4The Accountant of the Superior Court was unable to provide a current statement and was unsure when one could be provided. The best information available is as of 31 March 2026, when the account balance was $236,405.45. If the funds were divided by execution creditor, the percentage entitlements would be as follows:
Shohreh 45.9967% Bank of Montreal 32.0491% The Toronto-Dominion Bank 15.5741%; and Amex Bank of Canada 6.3801% Total 100.0000%
5The respondent Zahra Salimi Marand (“Zahra”) was married to Alireza. She commenced family law proceedings in April 2017. On 17 September 2025, she obtained a family court order granting her judgment against Alireza for spousal and child support in the amount of $387,919. She obtained a writ on 20 April 2026.
6Zahra seeks payment of the interpleaded funds and an order invalidating the writs of the other secured creditor claimants. She also seeks to set aside the default judgment of Shohreh against Alireza. Lastly, she objects to the motion by the judgment creditor Toronto Dominion Bank for an order for leave to issue writs of seizure and sale nunc pro tunc as of 9 April 2025.
B. Zahra motion to set aside Shohreh default judgment against Alireza
7This motion cannot succeed for three reasons.
8First, Zahra does not have standing to bring the motion. If the judgment were to be set aside, it would need to be on motion by the party against whom it was made, Alireza.
9Second, that motion would need to be made in the action in which judgment was granted (Eslami-Manouchehri v Moghaddam, CV-19-00138937), not by way of collateral attack in this proceeding.
10Third, the evidence tendered does not meet the test to set aside a default judgment in any event. The motion was not made promptly. Shohreh deposed that Zahra knew of the claim, and perhaps the judgment, by October 2019. Zahra knew of the affidavit upon which Shohreh relied for judgment and which Zahra now claims is defective by 30 September 2024, but did not bring her motion to set aside the default judgment until January 2026.
11There is no evidence that Alireza did not know about the claim. In July 2019 his lawyer wrote to counsel for Shohreh requesting a copy of the pleading.
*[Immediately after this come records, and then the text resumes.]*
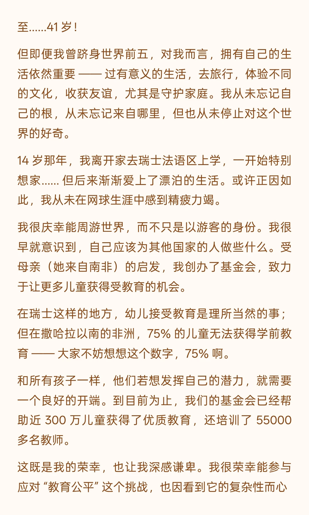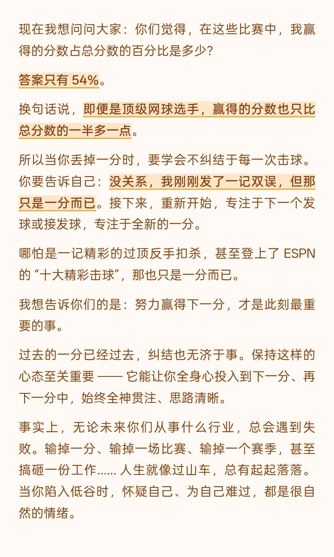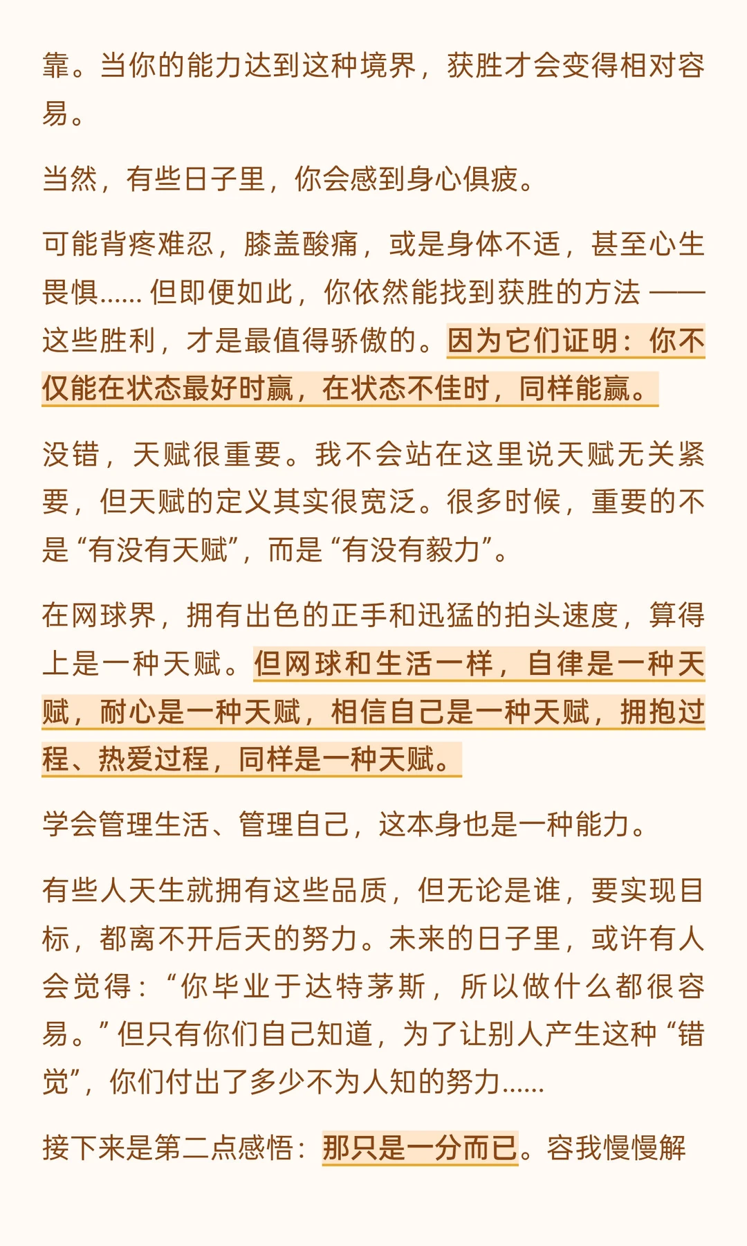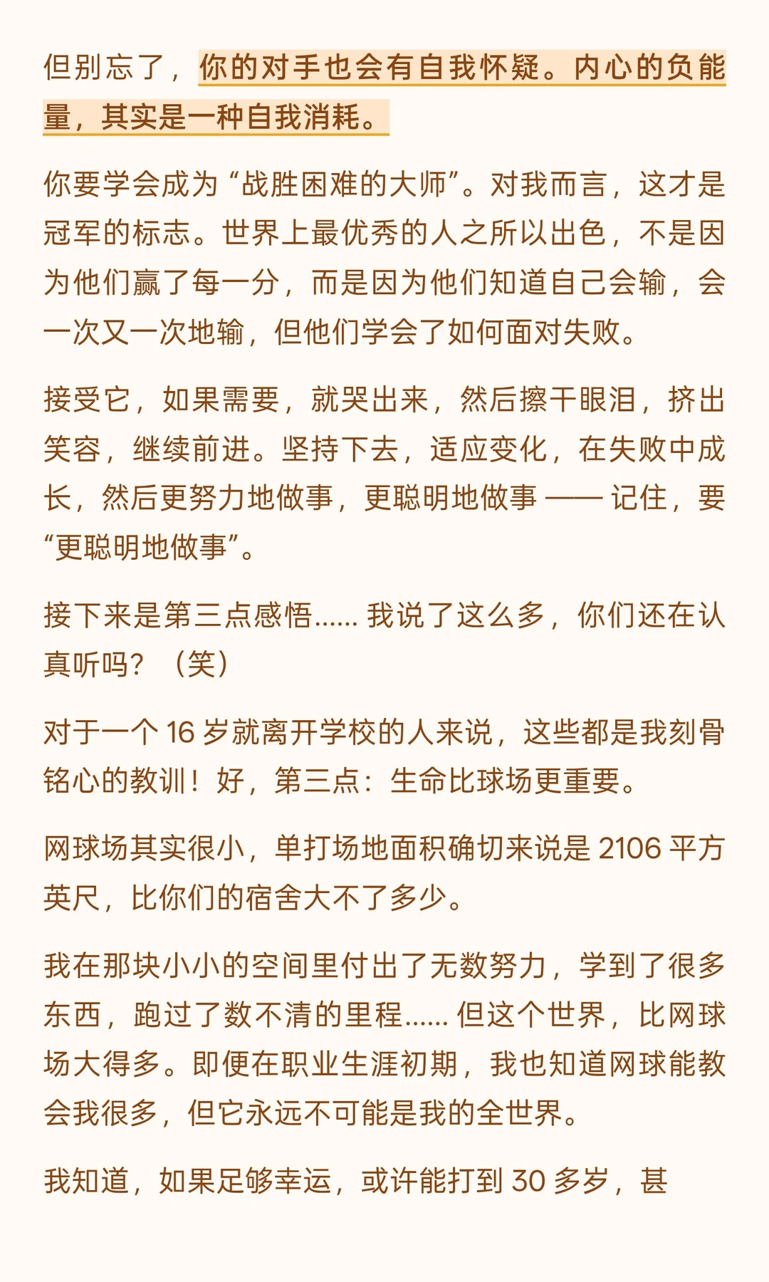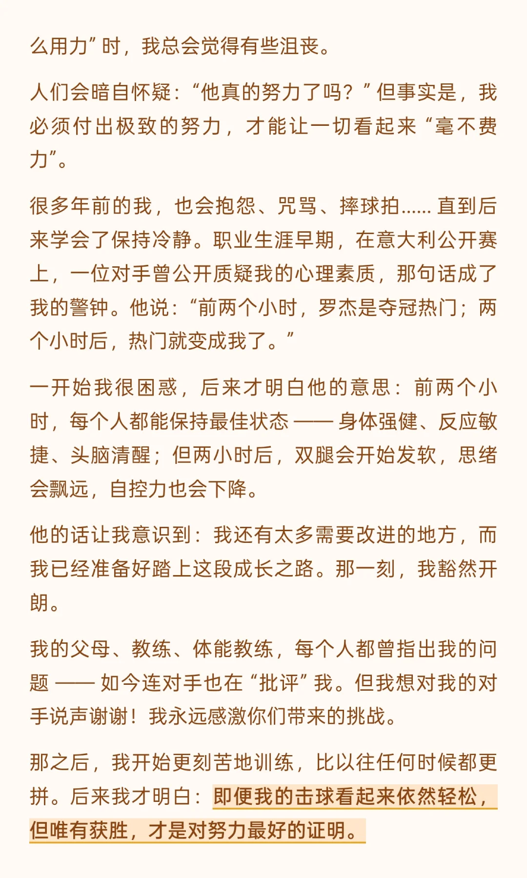 他没有居高临下的说教,而是以 “两次毕业者” 的身份 ——16 岁 “毕业” 于校园、投身职业网坛,41 岁 “毕业” 于网坛、开启人生新程 —— 将赛场经历与人生感悟娓娓道来:从拆解 “毫不费力” 的成功神话,借由意大利公开赛的警钟与 ATP 总决赛的策略转变,印证 “持久努力方为底气”;到以 2008 年温网决赛的遗憾、“仅 54% 得分率” 的真相,教会人 “正视失败、专注下一刻”;
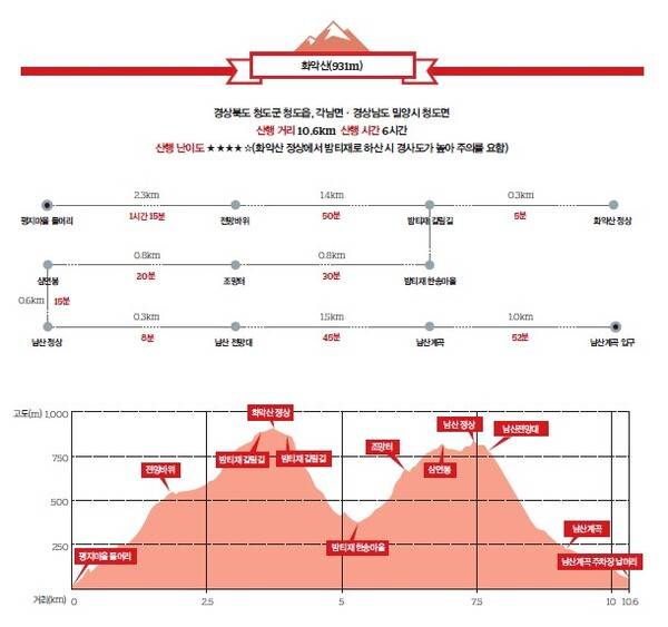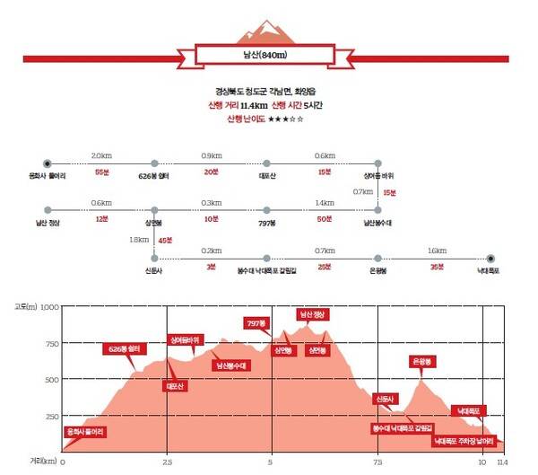화악산 정상에서 밤티재로 하산 시 급경사에 조심해야 한다. 남산은 등산로가 잘 다듬어져 있고, 조망이 탁월한 구간이 많은 데다 아기자기한 풍광을 자랑하는 남산계곡에서 조상이 남긴 문화예술혼을 음미할 수 있는 묘미를 지닌 산이다.
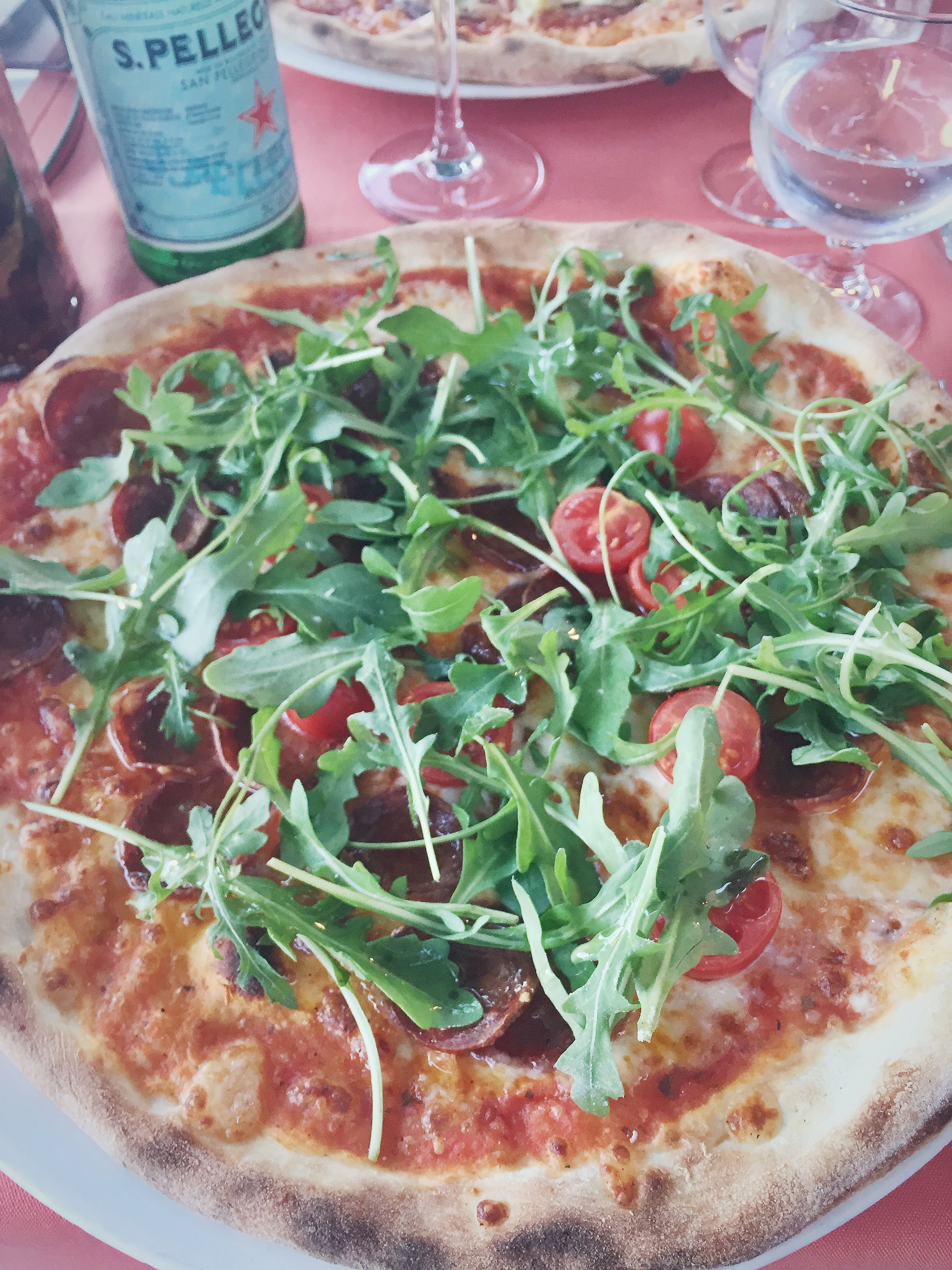 We had some water and diet coke and after a while ordered our pizzas – I went for a Carrettiera – with spicy salami, cherry tomatoes and arugula – while hubby when for a Capricciosa and a glass of Primitivo wine.
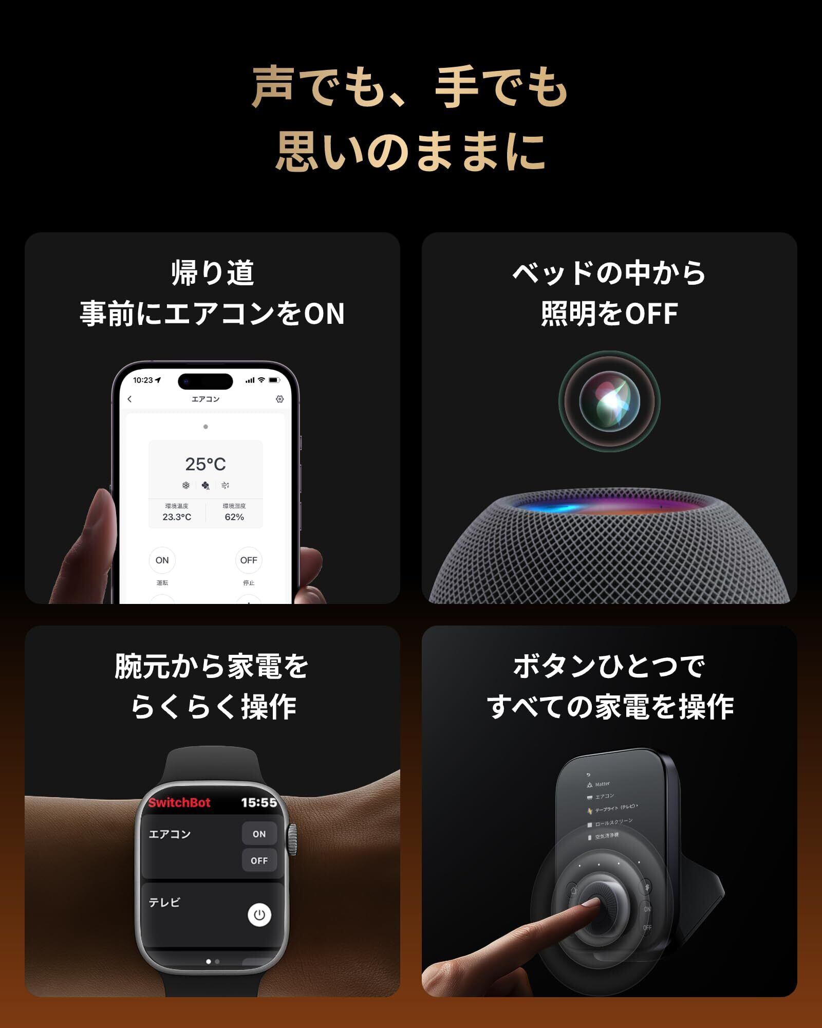 【赤外線家電も、Fire TVも、Matterデバイスも、すべてをこの一台で】エアコンや照明など、あらゆる赤外線家電をまとめて操作&管理。ワンタッチでペアリングできて初心者でも使いやすいです。また、Fire TV/Apple TV/Android TVのリモコンとしても活躍。ダイヤルを回してチャンネルを切り替えたり、音量を調節したりできます。カーテンの開け閉めやロボット掃除機の起動など、SwitchBotデバイスの操作にも対応。また、ネットワークが切断した時やサーバー障害時でもエアコン操作を可能にする「ローカルコントロール機能」あり。
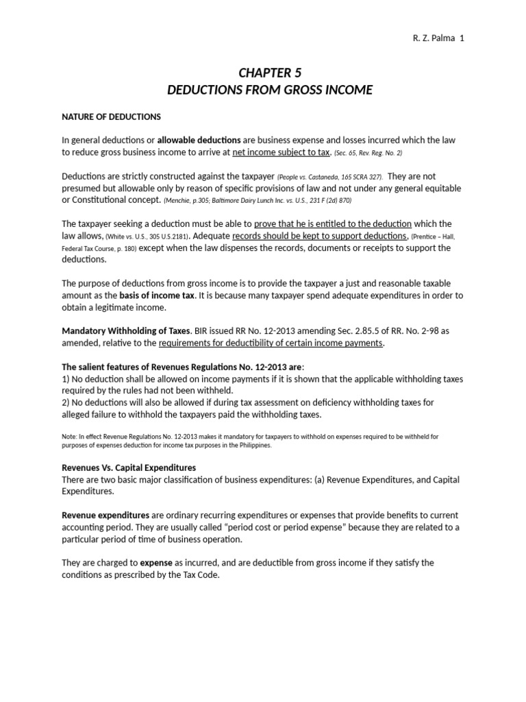 Deductions From Gross Income Sec 65 Rev Reg No 2 Pdf Tax Deduction Gross Income

12Lastly, there is no draft statement of defence tendered that would indicate that Alireza has a valid defence to Shohreh’s claim. Zahra suggested that I should review the 2019 motion for default judgment tendered by Shohreh to determine if it supported the judgment granted. I have no jurisdiction to conduct such a review. If Alireza wanted to challenge the judgment, he had to either move to set it aside or appeal it. The motion must fail.
C. Zahra motion for payment of the interpleaded funds
13Zahra argues that her September 2025 judgment should outrank all other secured creditors, either because the other creditors’ writs have expired or because the equities favour treating her family law order as retroactive and therefore in priority to the execution creditors.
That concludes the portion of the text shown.